Indeed, Dreeben is correct that wiping a phone remotely isn’t hard—for example, Apple’s iOS devices include a simple tool, “Find My Iphone” and Android 2.2+ users can set up the “Device Policy” app to allow them to remotely erase all the data on their phones.

But law enforcement officials need to preserve the evidence on phones even when they are searched on the scene, not just later with a warrant, and tools exist to allow them to do so. The basic solution is a Faraday bag, a simple sleeve with a layer of conductive material, either a solid or a mesh, that prevents wireless signals from getting in or out. A sleeve is widely available and cheap, around $30. More sophisticated versions specifically designed to preserve evidence cost in the hundreds of dollars, hold multiple phones, and keep them charged while they are being transported.
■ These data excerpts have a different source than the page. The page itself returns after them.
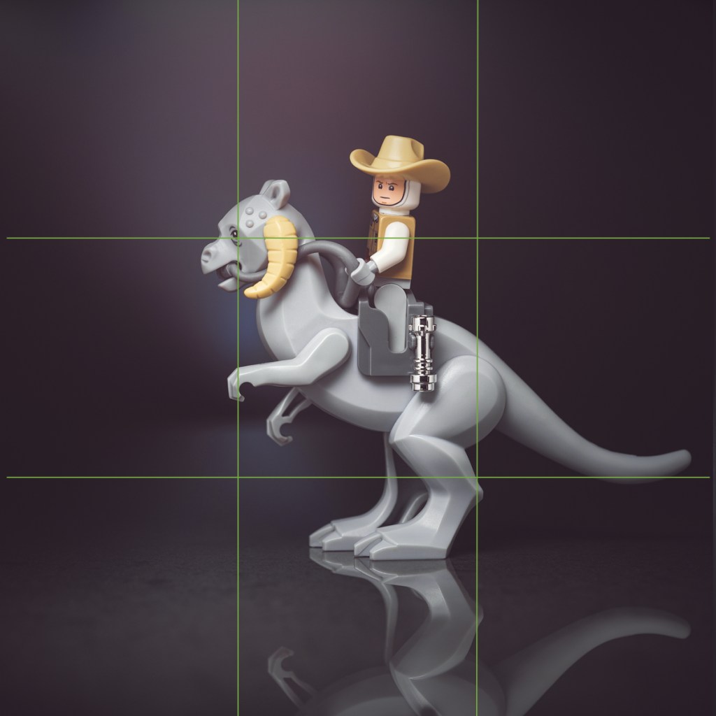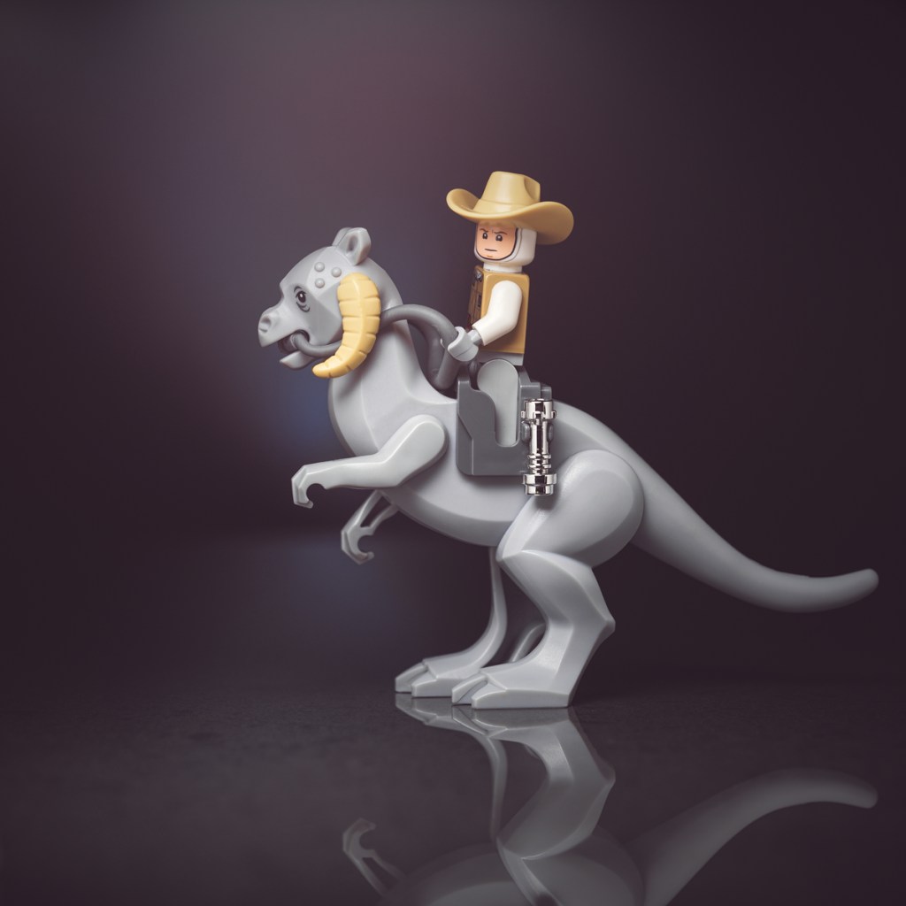 I composed using the rule of thirds, using the tauntaun’s eye as an anchor point. To keep enough detail visible, I chose not to back up so far as to get a full reflection. As usual, I’ve left ample empty negative space around the perimeter for balance.
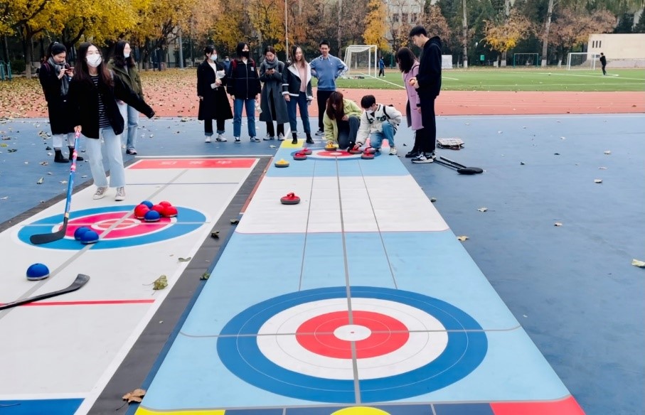 在学习了冬奥有关内容后,支部成员们转战室外,来到东校区操场,亲身体验冰雪运动的乐趣。供体验的项目包括旱地冰壶和冰蹴球运动,支部成员齐心协力布置好赛道、球门等道具,随后便自由组队进行体验。这是不少同学第一次接触冰雪运动,本次实地体验激发了大家对冰雪运动的热情,让冬奥在大家心目中更加形象起来。通过本次团日活动,支部成员们切实走近了冬奥,大家也收获颇多,感触颇深。
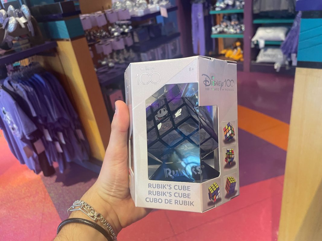 The silvery Rubik’s Cube features a different character in their 100th-anniversary costume on each side. One side just has the art deco Disney100 logo. It includes a display base.

The Justices quizzed Dreeben about the practicality of using such cases. Dreeben said, “If you throw a phone into a Faraday bag, which is supposedly going to be able to block network signals, when you open it up, it has to be similarly shielded or it will pick up a signal from a cell tower, and that will wipe the phone.” This, he pointed out, doesn’t always work:  “The F.B.I. tried to build a Faraday room in a building that they later discovered Verizon had put up a cell tower on it, and that cell tower put out a strong enough signal to go right through the Faraday room.”

Mislan indicated that most police departments understand the need to open phones in a protected enclosure and know where they can do so. They also know where the cell towers are.

Justice Sonia Sotomayor suggested that arresting officers simply put phones into airplane mode, preventing them from receiving calls or data. Dreeben’s counter-argument, essentially, was that phones are just too complicated. “It is not always possible to find airplane mode on all the 500, 600 models of phones that are out there,” he said. And, he said, consider that “The officer has a lot of things to do when he arrests suspects. Say he arrests five suspects in a car and they each have three cell phones. Trying to find and put each one of them into airplane mode and go the further step and...” (Sotomayor cut Dreeben off at this point.)

Five suspects might indeed have three cell phones each, in order to hide their identities when making certain calls. But, points out Mislan, these days, putting a phone into airplane mode is not rocket science. In recent years the wild world of phone operating systems has settled down to a dominant four—Apple iOs, Android, Windows Mobile, and Blackberry—and these are well understood. An arresting officer should have little trouble finding airplane mode.

The court is expected to issue its rulings on these cases in July.